Глава 24
Похвалив своих оперативников, майор нисколько не покривил душой: они действительно работали в поте лица. Наскоро перекусив в столовой, Николай и Сергей запросили дело некоего Чуни и вскоре знали о нем все: вор-рецидивист, мокрушник по кличке Чуня, в миру же Александр Васильевич Чуняков, жил на окраине города в частном домишке, доставшемся ему от давно умершей матери, сердце которой не выдержало бесконечных Чуниных проделок. По сведениям осведомителей, в данное время Чуняков находился в городе, никуда не думал бежать, ибо давно отошел от дел, и оперативники, подкрепившись, поехали к нему, искренне надеясь, что застанут его дома. Пройдя от автобусной остановки по бугристой дороге, опасаясь вывихнуть или сломать ногу, они наконец отыскали нужный им домишко – именно домишко, потому что назвать домом это ветхое строение язык не поворачивался. Крыша прохудилась, и оперативники вспомнили старые фильмы, в которых люди, жившие в подобных домах, во время дождя ставили тазы и ведра под водяные струи, обильно сочившиеся из щелей в крыше. Может быть, Чуня и имел деньги, но тратить их на отчий дом явно не собирался.
На деревянной почерневшей калитке не было и намека на щеколду, видимо, она отвалилась давно, оставив о себе воспоминание – дырочки от гвоздей, как в известной песне Новеллы Матвеевой. Толкнув дверь, коллеги вошли на заросший сорняками участок. Вероятно, когда-то родители Чуни или его бабки и деды, люди хозяйственные, разводили птицу и, возможно, даже держали корову: об этом говорили покосившиеся, полуразрушенные постройки, напоминавшие курятник и хлев. Старые плодовые деревья густо оплел вьюн-паразит, в изобилии водившийся на юге, с толстым, в несколько пальцев, коричневым стеблем, темно-зелеными листьями с мраморными прожилками и венчиками белых цветов. К развалившемуся крыльцу вела дорожка, протоптанная в сорняках. Друзья прошли по ней, сокрушаясь, что потом придется чистить брюки от прицепившихся колючек.

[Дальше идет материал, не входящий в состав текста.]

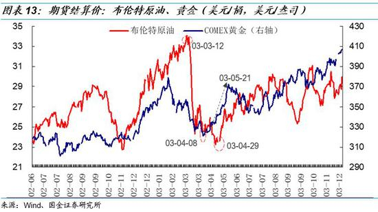 3)“非典”疫情对原油、黄金影响:阶段性冲击原油价格,避险促使黄金价格走高。原油价格回落时间大约持续1个半月,布伦特原油价格回落幅度约31.40%;避险情绪(唯有疫情严峻期)促使黄金价格阶段性上行,持续时间约1个半月,回升幅度15.52%。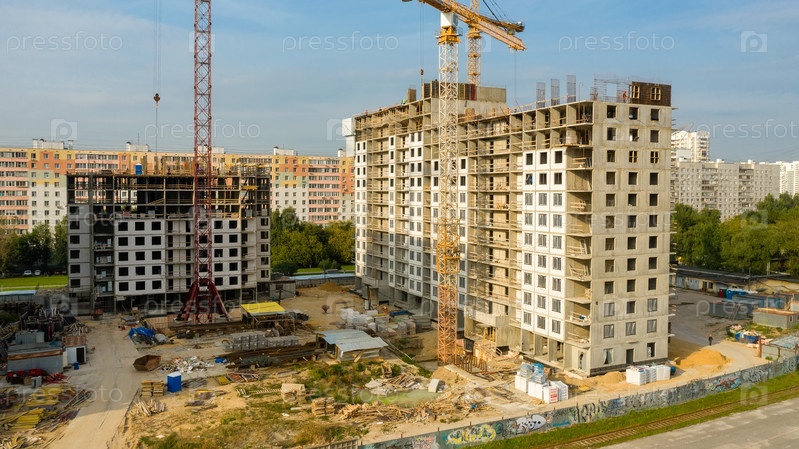 Строятся новые высотные многоквартирные дома. Аэрофотоснимок солнечным вечером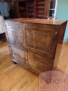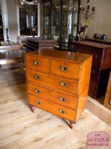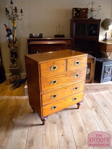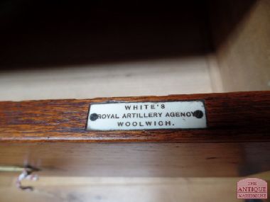 Zeer mooi antiek militair ladekastje afkomstig van de "Whites Royal Artillerie" in Woolwich. Het kastje is te verdelen in twee laden blokken waarbij in het onderste ladeblok de pootjes er van zijn af te schroeven. zeer mooi warm patine. Afmeting 99 cm breed, 106 cm hoog en 45 cm diep.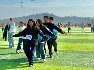 “二龙戏珠”项目,是对参赛者自身的灵敏度与配合度的考验。当两人并肩而立,用身体协作传递气球时,每一次脚步的同步、每一回手臂的轻抬,都是一场“不能出错”的默契考验。这恰恰是人文与艺术学院合作共赢理念的生动体现。

Николай первым ступил на крыльцо, от ступенек которого остались лишь две черных доски, грозившие сломаться при любом неловком движении, и, остановившись перед дверью, толкнул ее (она оказалась незапертой), принюхался и закашлялся.
– Ну и духан. – Он побледнел и повернулся к коллеге. – Сережа, там жмур. Знакомый запашок. Причем жмур не первой свежести.